WORK INSTRUCTION -
Repeat the span of the entries below that starts at the line with "Ag gr. 4,45" and ends at the line with "安徽省皖东智校协作联盟2024届高三上学期10月联考 生物学答案", nothing more. Skip the pictures.

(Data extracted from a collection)
<<<<
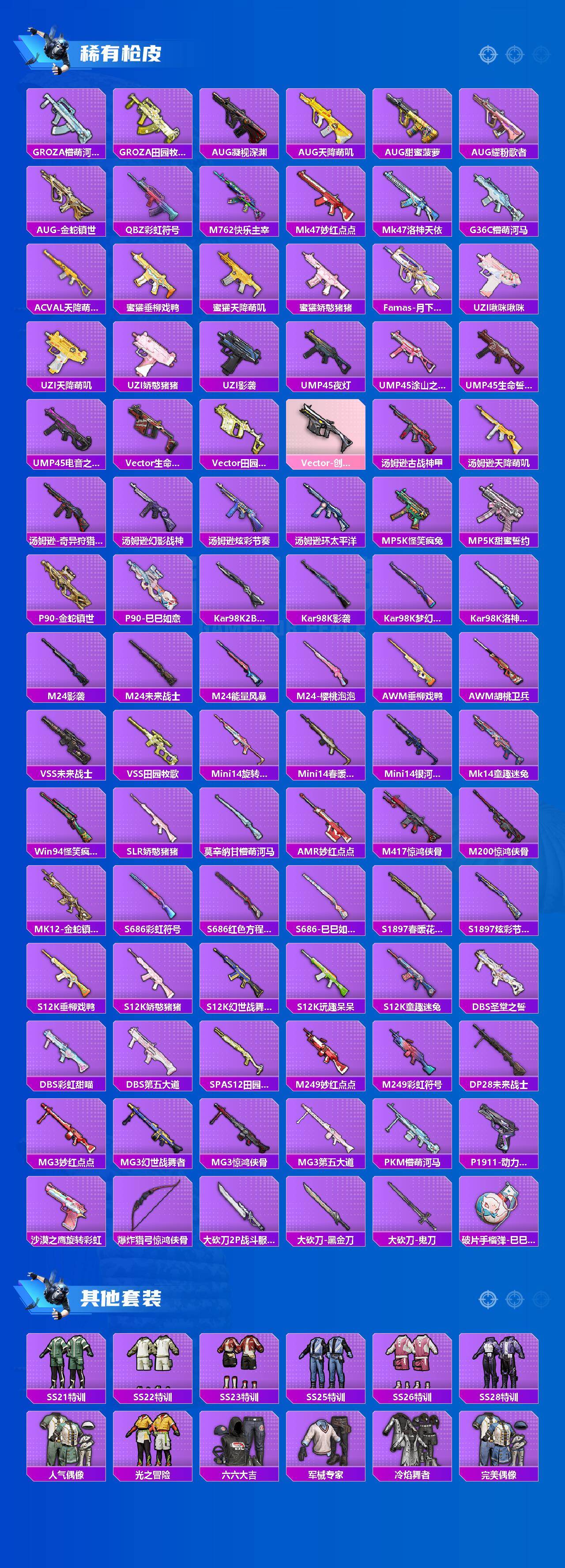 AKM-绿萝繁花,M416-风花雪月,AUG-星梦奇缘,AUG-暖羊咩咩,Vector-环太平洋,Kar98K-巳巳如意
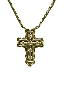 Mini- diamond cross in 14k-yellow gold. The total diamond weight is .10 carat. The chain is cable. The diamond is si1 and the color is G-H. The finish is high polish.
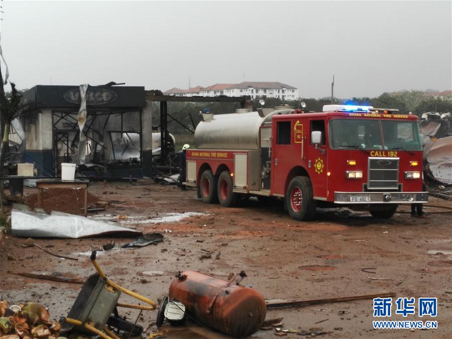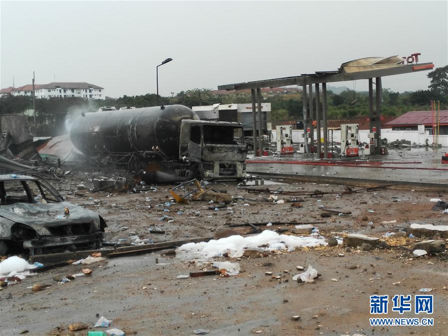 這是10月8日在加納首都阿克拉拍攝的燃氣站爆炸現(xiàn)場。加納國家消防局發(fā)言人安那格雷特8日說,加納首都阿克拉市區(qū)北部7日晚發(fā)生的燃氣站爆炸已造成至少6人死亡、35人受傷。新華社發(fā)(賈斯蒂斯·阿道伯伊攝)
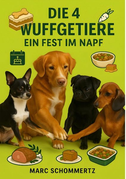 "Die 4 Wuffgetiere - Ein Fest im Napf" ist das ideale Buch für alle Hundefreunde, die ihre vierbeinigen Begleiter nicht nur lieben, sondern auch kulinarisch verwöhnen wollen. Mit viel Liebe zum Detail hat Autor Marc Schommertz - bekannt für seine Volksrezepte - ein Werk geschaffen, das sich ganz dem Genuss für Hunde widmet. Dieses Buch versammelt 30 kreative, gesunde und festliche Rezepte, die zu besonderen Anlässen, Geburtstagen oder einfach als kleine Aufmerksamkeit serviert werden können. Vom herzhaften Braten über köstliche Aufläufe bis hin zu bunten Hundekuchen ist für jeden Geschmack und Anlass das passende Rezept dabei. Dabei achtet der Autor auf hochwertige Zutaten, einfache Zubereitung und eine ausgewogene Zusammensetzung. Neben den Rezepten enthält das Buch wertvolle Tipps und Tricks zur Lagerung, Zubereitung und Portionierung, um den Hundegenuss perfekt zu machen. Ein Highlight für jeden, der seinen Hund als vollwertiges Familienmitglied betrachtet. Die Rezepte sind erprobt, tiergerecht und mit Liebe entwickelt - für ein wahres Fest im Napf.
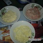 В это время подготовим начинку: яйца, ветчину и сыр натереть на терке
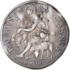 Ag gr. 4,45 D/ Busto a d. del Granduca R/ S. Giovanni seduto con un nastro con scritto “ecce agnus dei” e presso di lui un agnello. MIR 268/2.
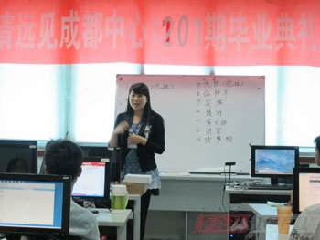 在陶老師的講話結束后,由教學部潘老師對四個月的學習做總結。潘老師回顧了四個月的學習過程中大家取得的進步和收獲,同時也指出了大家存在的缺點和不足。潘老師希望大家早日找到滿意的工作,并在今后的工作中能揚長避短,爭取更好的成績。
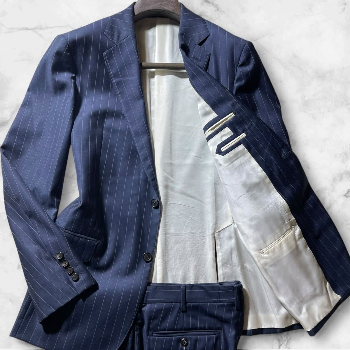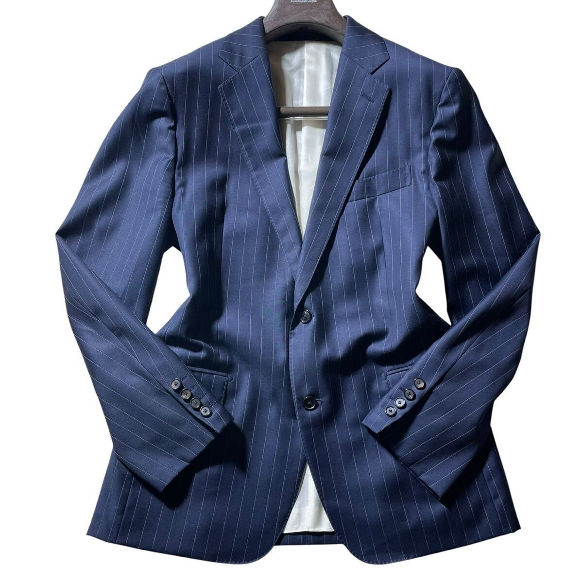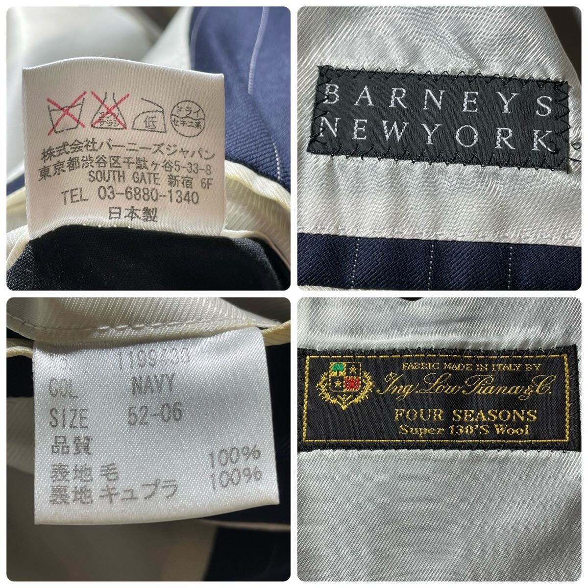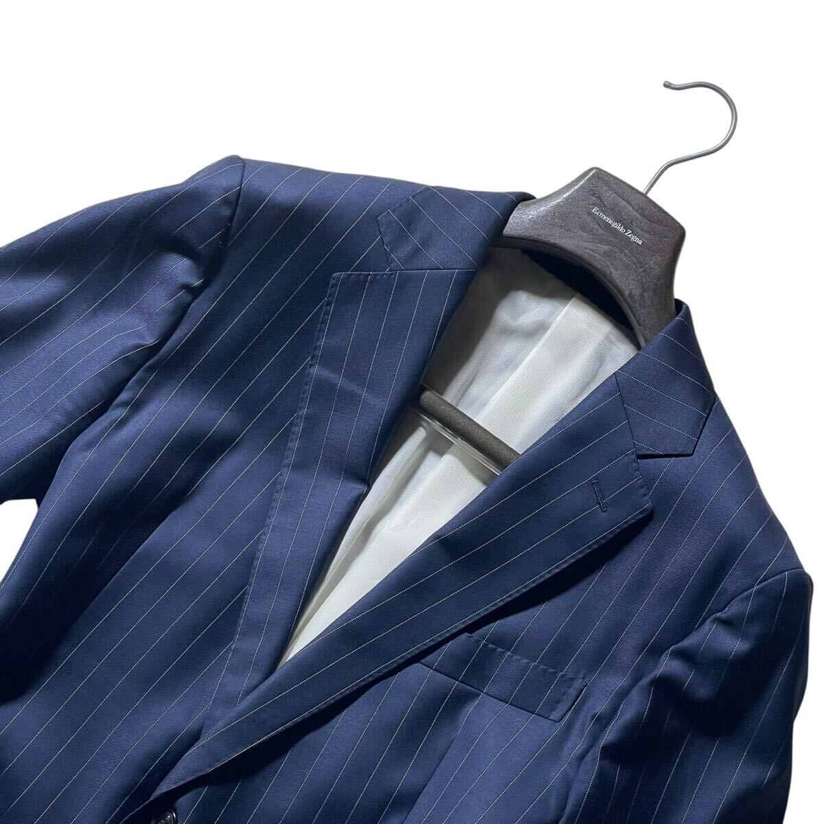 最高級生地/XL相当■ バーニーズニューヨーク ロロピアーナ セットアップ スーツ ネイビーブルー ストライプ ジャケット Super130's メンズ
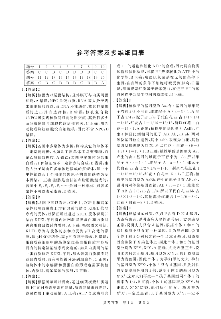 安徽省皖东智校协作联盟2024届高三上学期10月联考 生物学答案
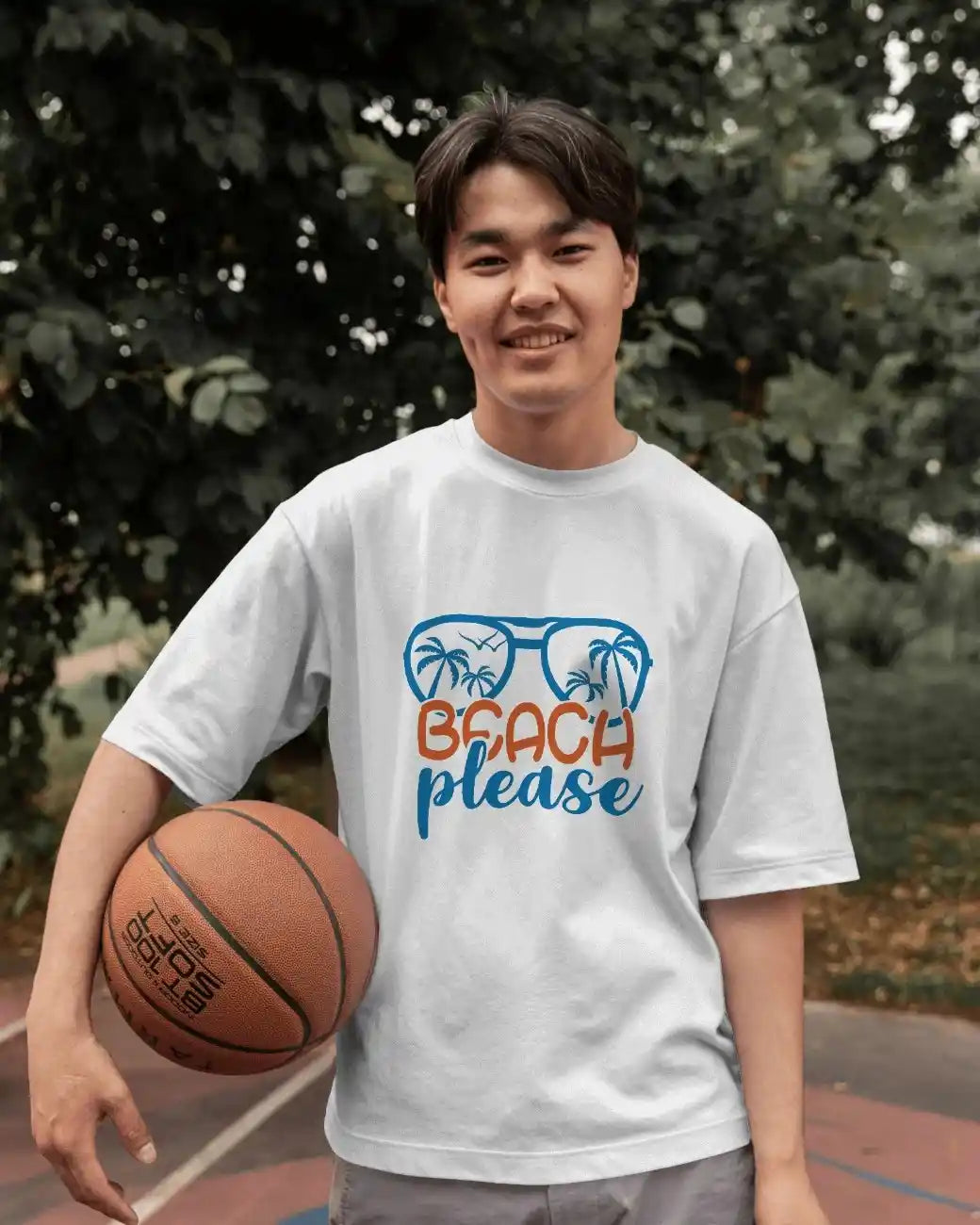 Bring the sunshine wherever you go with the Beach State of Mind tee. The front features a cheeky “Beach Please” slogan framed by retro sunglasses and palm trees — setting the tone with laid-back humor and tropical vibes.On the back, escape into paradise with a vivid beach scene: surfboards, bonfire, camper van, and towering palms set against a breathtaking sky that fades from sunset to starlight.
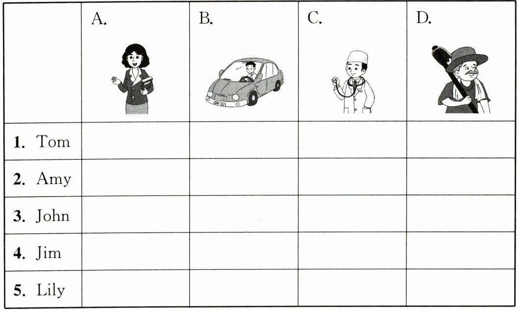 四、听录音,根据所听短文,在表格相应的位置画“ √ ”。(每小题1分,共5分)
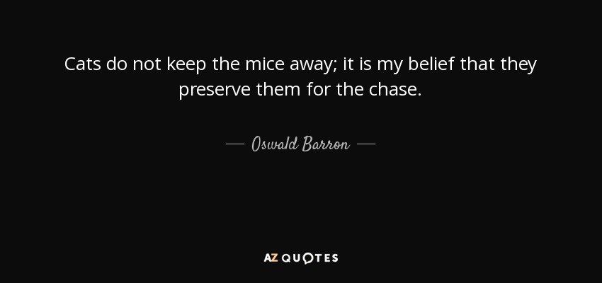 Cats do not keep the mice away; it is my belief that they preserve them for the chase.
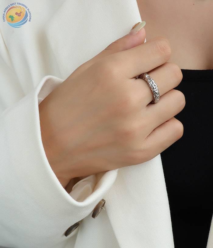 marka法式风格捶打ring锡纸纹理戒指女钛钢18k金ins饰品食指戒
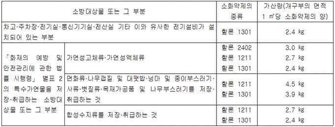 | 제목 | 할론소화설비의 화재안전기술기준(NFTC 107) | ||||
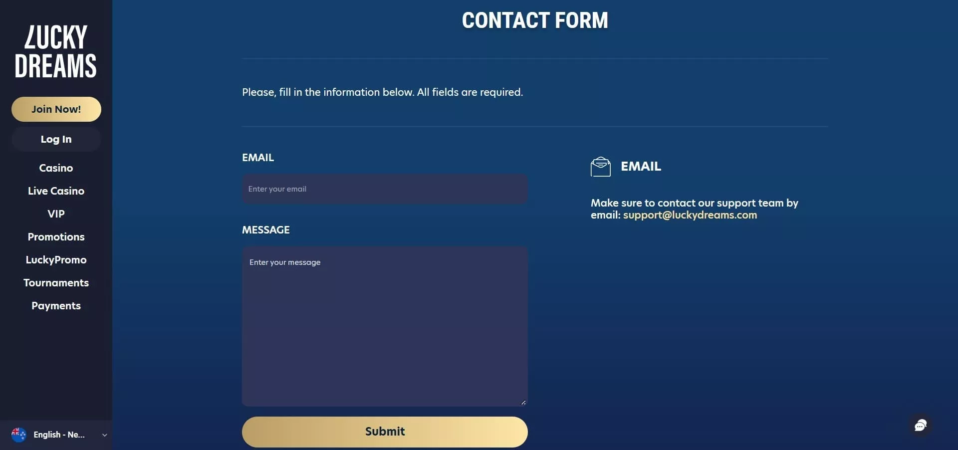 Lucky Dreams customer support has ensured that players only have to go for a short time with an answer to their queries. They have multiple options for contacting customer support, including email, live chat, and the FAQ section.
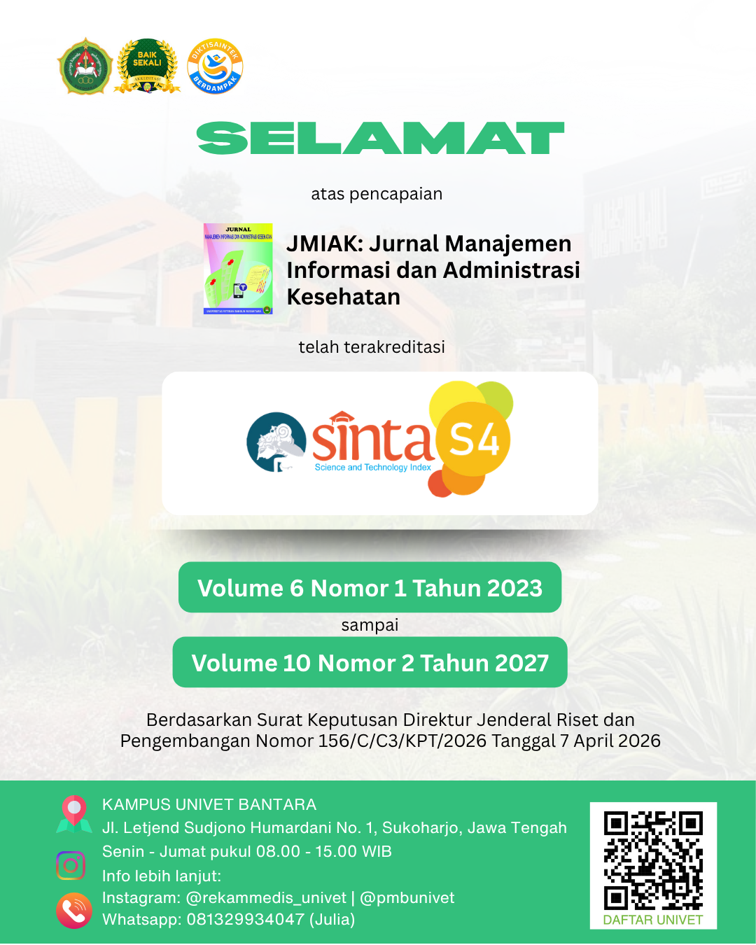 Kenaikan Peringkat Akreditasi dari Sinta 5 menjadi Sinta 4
>>>>
REPLY -
 Ag gr. 4,45 D/ Busto a d. del Granduca R/ S. Giovanni seduto con un nastro con scritto “ecce agnus dei” e presso di lui un agnello. MIR 268/2.
 在陶老師的講話結束后,由教學部潘老師對四個月的學習做總結。潘老師回顧了四個月的學習過程中大家取得的進步和收獲,同時也指出了大家存在的缺點和不足。潘老師希望大家早日找到滿意的工作,并在今后的工作中能揚長避短,爭取更好的成績。
 最高級生地/XL相当■ バーニーズニューヨーク ロロピアーナ セットアップ スーツ ネイビーブルー ストライプ ジャケット Super130's メンズ
 安徽省皖东智校协作联盟2024届高三上学期10月联考 生物学答案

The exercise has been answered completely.